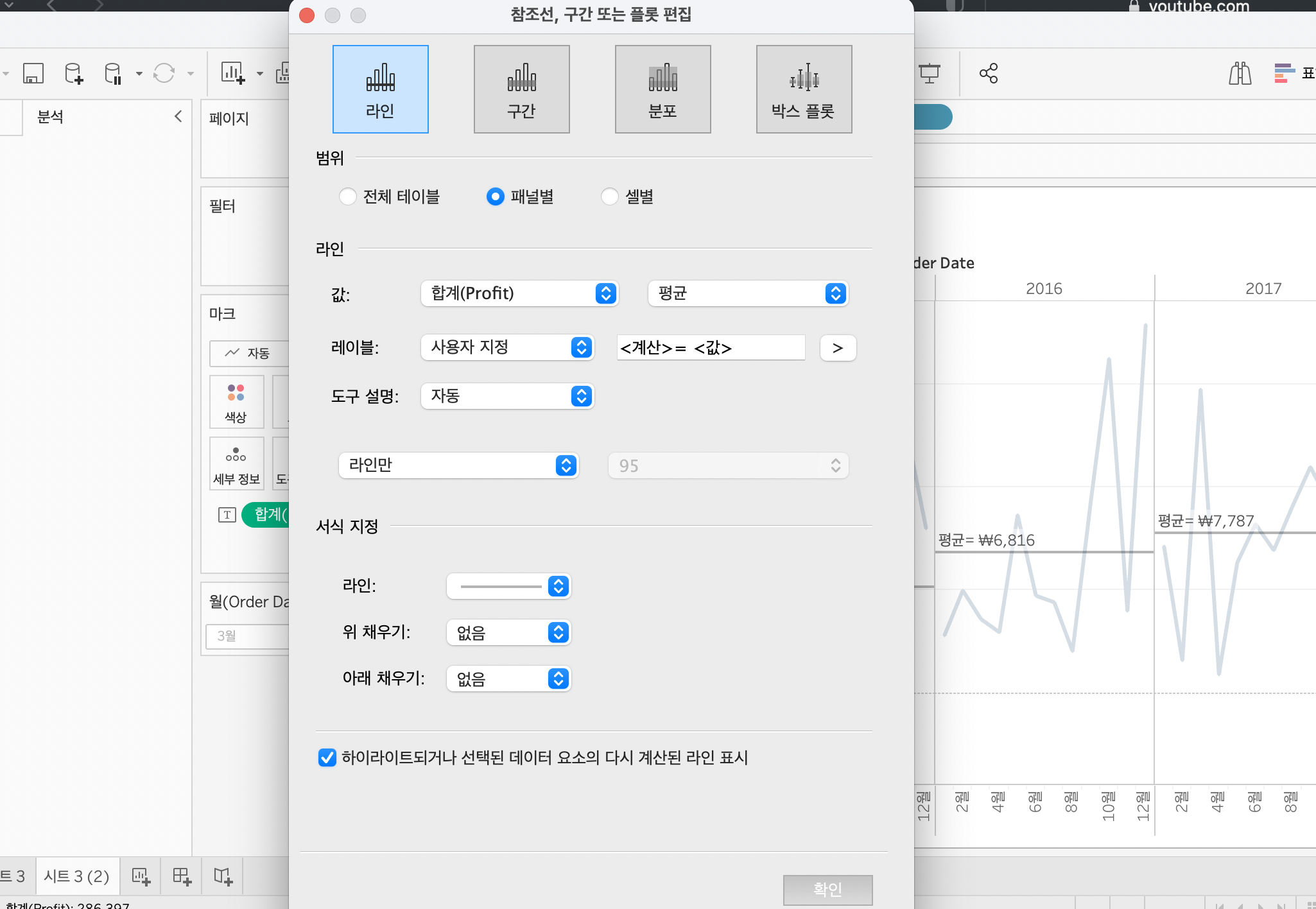 생성된 평균 라인을 우측 클릭한 후, 편집을 누르면 다음과 같은 팝업이 뜨는데 이때 레이블을 [사용자 지정], 그리고 우측 화살표 버튼을 클릭해 [계산] 엔터, = 입력, 다시 우측 화살표 버튼 클릭해 [값] 엔터를 하고 확인을 누르면 평균 라인에 레이블이 생기는 것을 확인할 수 있다.
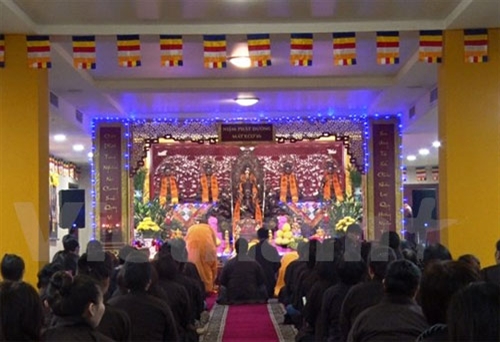 上元节消灾祈福大法会2月22日在俄罗斯首都莫斯科河内-莫斯科大酒店、商业、文化中心(INCENTRA)举行。越南驻俄罗斯大使阮青山同数百名旅居莫斯科越南人参加活动。
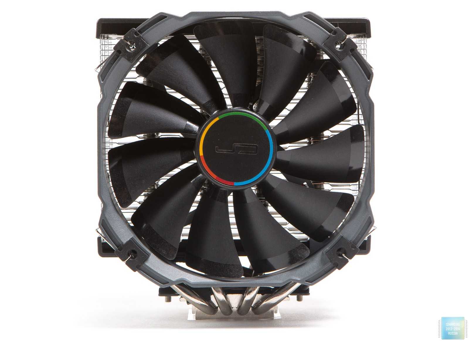 На радиаторе красуется хорошо знакомый нам вентилятор XT140, на всякий случай я повторю его спецификации: габариты составляют 140x140x13мм, вес равен 89 граммам, лопасти вращаются на скорости от 700 до 1300 ±10 % об/мин, сила воздушного потока — 64 кубических фута в минуту, уровень шума — 20~24 дБ. Кулер совместим со всеми современными платформами от Intel и AMD.
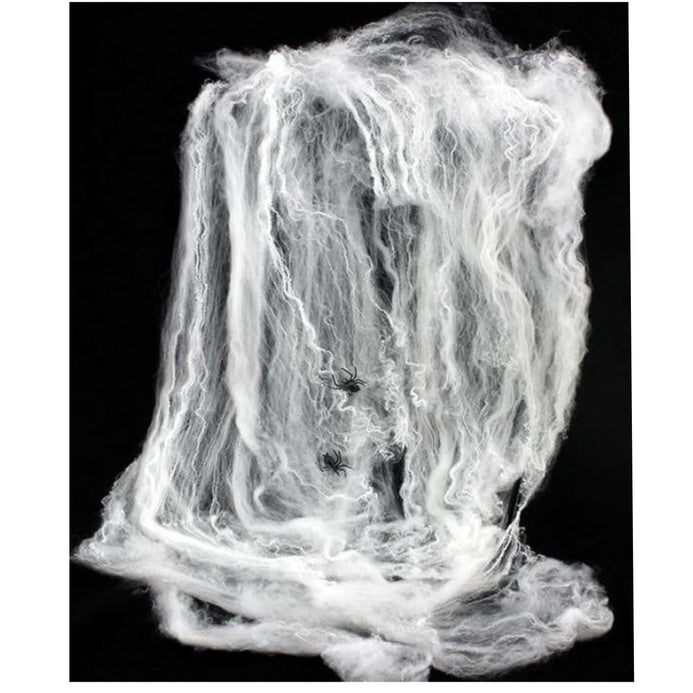 Un producto hecho de algodón artificial, anudado a mano y flexible para que se pueda tirar de cualquier forma desea, cuanto más estire la telaraña, más realista se verá. Imita la sensación del algodón de araña real, se puede rasgar suavemente y se puede unir a cualquier objeto.
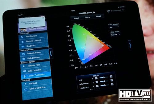 Во-первых, любые корректировки, сделанные с помощью приложения (известного как VIERA Remote App) будут применяться только к пользовательским режимам просмотра вместо более точных "профессиональных" режимов, которые не только имеют выключенные по умолчанию чрезвычайно точные возможности настройки изображения, но также выделяются плоской характеристикой гаммы уже при заводских настройках. Во-вторых, корректировки приходится делать с помощью сенсорных ползунковых регуляторов, что представляет некоторые проблемы, особенно на дисплеях таких небольших устройств, как iPad Mini или iPhone, когда требовалась более точная подстройка.
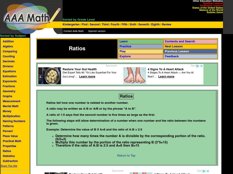 Varsity Tutors: Hotmath: Practice Problems: Ratios and Rates 2
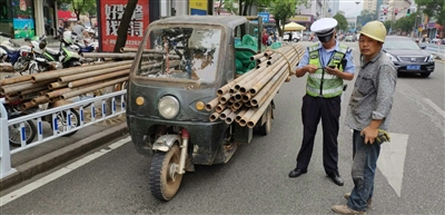??? 本網訊?? 8月3日,一輛三輪摩托車運輸超長鐵管行駛在八一路上,正值上班高峰期,車流量大,車上運輸的超長鐵管極易刮碰到附近的車輛,過往車輛紛紛避讓。執勤的交警將車輛攔下后,對駕駛員進行嚴肅批評教育,并要求其用其它車輛轉運鐵管。(黃義清?何建云)
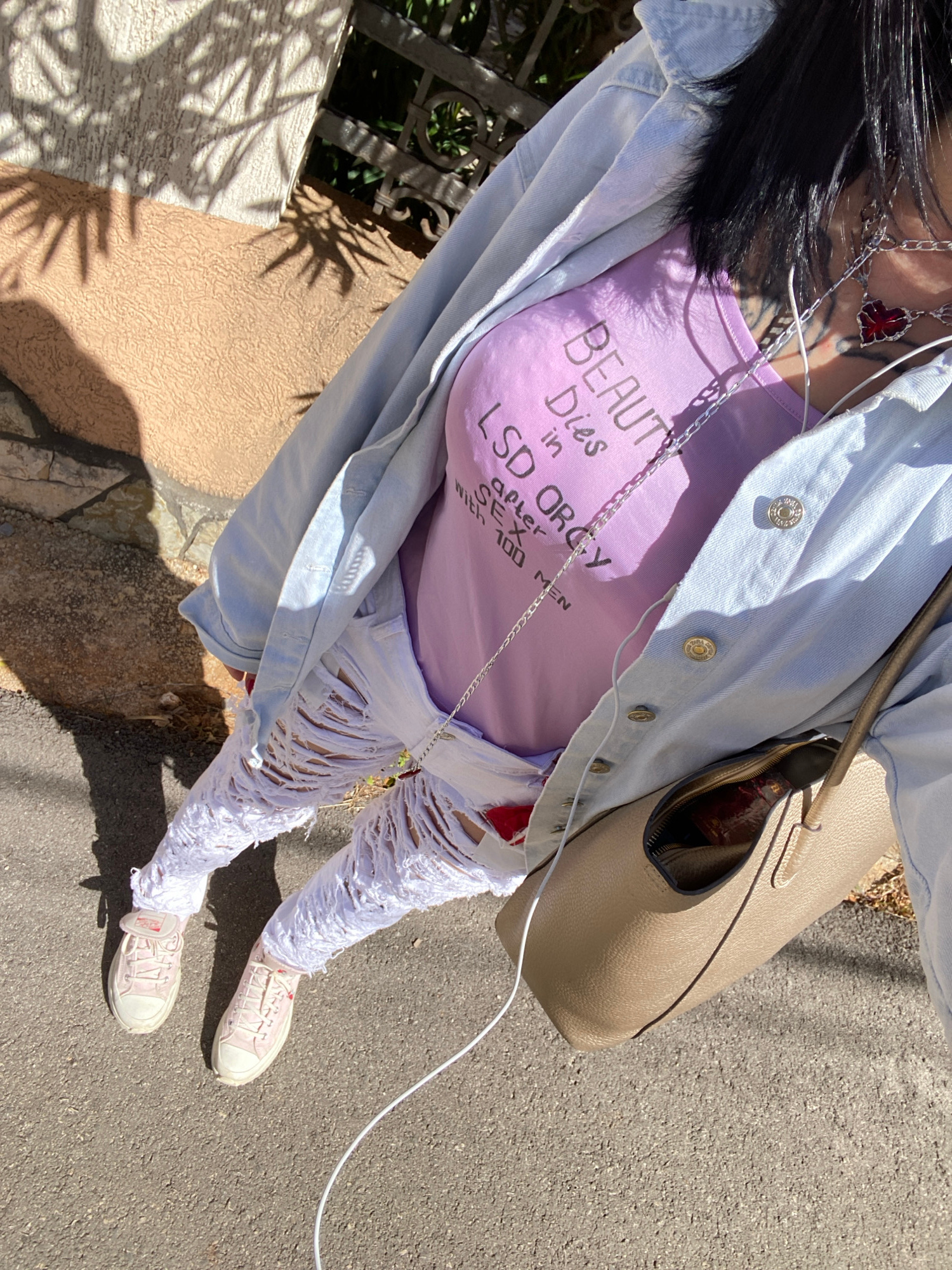 A woman stands on asphalt next to an exterior wall and decorative iron fence, wearing white ripped jeans, pink sneakers, a light purple t-shirt printed with the text "BEAUTY Dies in LSD ORGY after SEX…read more

## What is needed
Above are the records; return the lines in them from the one with "上元节消灾祈福大法会2月22" to the one with "На радиаторе красуется", inclusive, exactly and without images.

## Response box
 上元节消灾祈福大法会2月22日在俄罗斯首都莫斯科河内-莫斯科大酒店、商业、文化中心(INCENTRA)举行。越南驻俄罗斯大使阮青山同数百名旅居莫斯科越南人参加活动。
 На радиаторе красуется хорошо знакомый нам вентилятор XT140, на всякий случай я повторю его спецификации: габариты составляют 140x140x13мм, вес равен 89 граммам, лопасти вращаются на скорости от 700 до 1300 ±10 % об/мин, сила воздушного потока — 64 кубических фута в минуту, уровень шума — 20~24 дБ. Кулер совместим со всеми современными платформами от Intel и AMD.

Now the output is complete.